The medical evidence pointed to the presence of a pre-existing asymptomatic shoulder tear, which had allegedly been aggravated by prolonged use of Mr Heldt’s right arm in an elevated position for prolonged periods. Comcare argued that his gym sessions materially contributed to the injury, despite the fact that he ceased these in early 2020. Comcare also argued that using a mouse and keyboard at home could not cause or aggravate a shoulder tear. However the presiding AAT Member disagreed, and preferred Mr Heldt’s evidence that the injury was likely to have occurred in the claimed circumstances, as supported by his expert medical evidence. Accordingly, the AAT decided that Mr Heldt’s right shoulder injury was significantly contributed to by employment, thereby entitling him to compensation.

Wider Application of the AAT’s Decision in Heldt

The AAT does not sit within the court hierarchy, so the decision of Heldt can only be used as a guide by courts and tribunals in different states, who are not bound to adopt any part of the decision. However it is not unusual for the different state-based schemes to consider the AAT’s reasoning, and vice versa.

On a more practical level, employers are duty bound to ensure that the workspace is free from risks to workers’ health, and that any issues are monitored, to prevent injury or illness. It is clear that this duty extends to the home office. Allowing a work-from-home checklist to remain incomplete, without follow-up, will not meet the standard required of employers. The decision of Heldt may be seen as implying that employers have a positive onus to inform and guide employees about how to work safely at home, and to ensure that information is understood, and that the guidance is followed. This positive onus reflects the high standard generally placed on employers within the legal system to engineer risks out of the workplace.
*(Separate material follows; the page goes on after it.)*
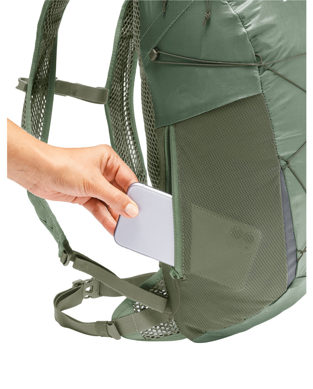 - Prednji i bočni džep s patentnim zatvaračem, prednji objekt, reflektirajući elementi, unos hidratantnog sustava, remen za prsa s kopčom, integrirani kišni kabanica
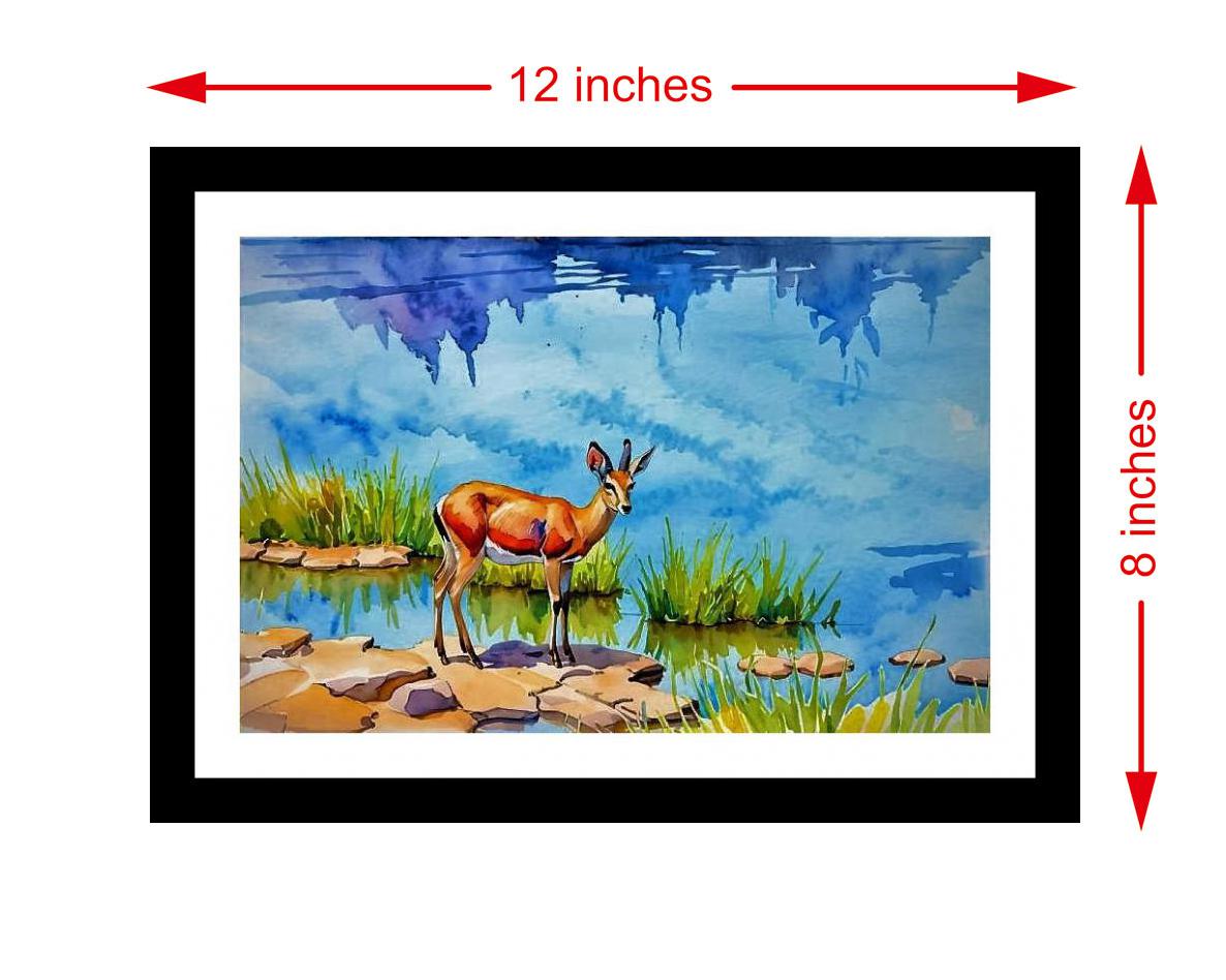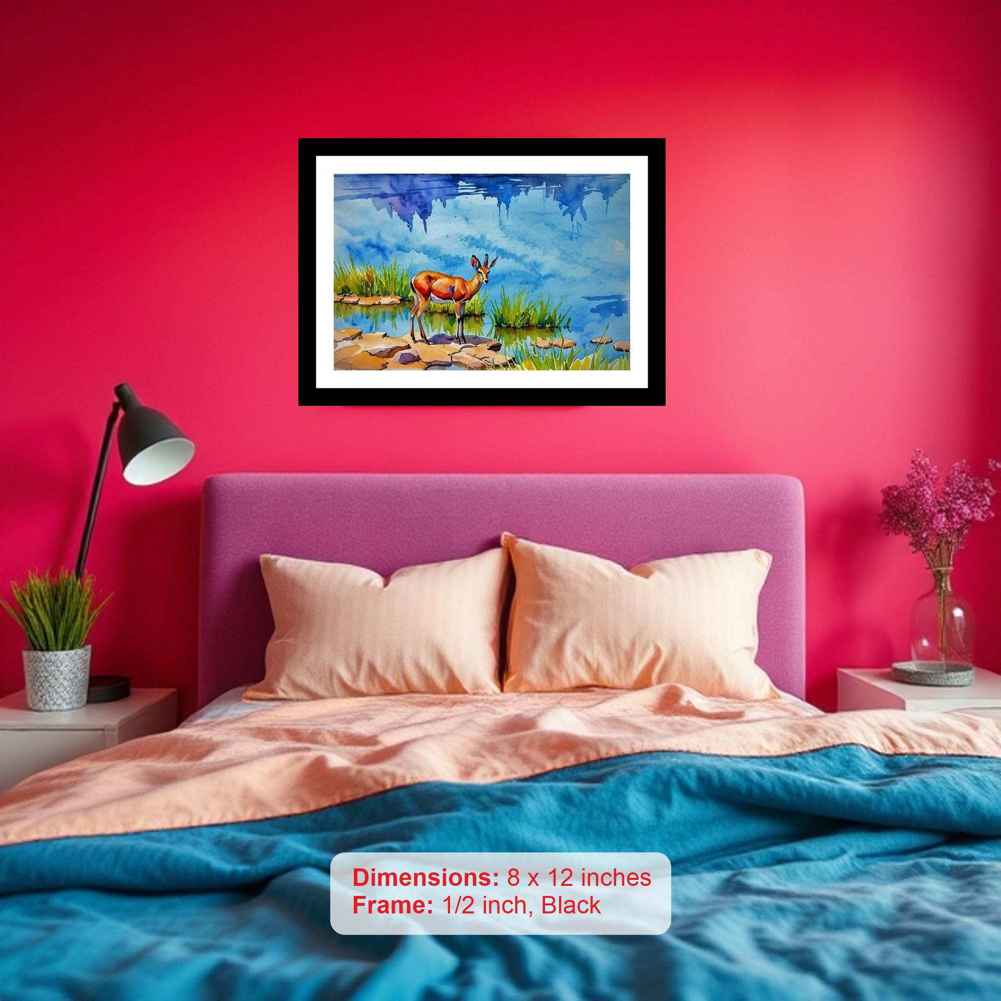 The serene antelope and tranquil water create a captivatingly graceful scene. The colors pop, the detail is stunning - a vibrant, faithful reproduction that truly honors the original portrait. The digital reprint boasts a striking composition, faithfully capturing the portrait's beauty and depth in crisp detail. Versatile Decor: Ideal for enhancing the aesthetic appeal of living rooms and bedrooms Enhanced Durability: Weather-shield laminated digital print for lasting vibrancy and protection Premium Framing: Constructed with a high-quality, durable fiber frame for long-term stability Precise Dimensions: 30 cm x 20 cm x 1 cm

The failure of an employer to exercise reasonable care to ensure a safe WFH environment may also expose them to a negligence claim. Some scenarios which may expose employers to claims of negligence include denying an employee a reasonably requested item to create a safe WFH environment, or refusing a reasonable request to work in the office where there is evidence of home stressors or domestic abuse. Employers must be vigilant at all times when dealing with their employees’ work environments, whether at home or in the office.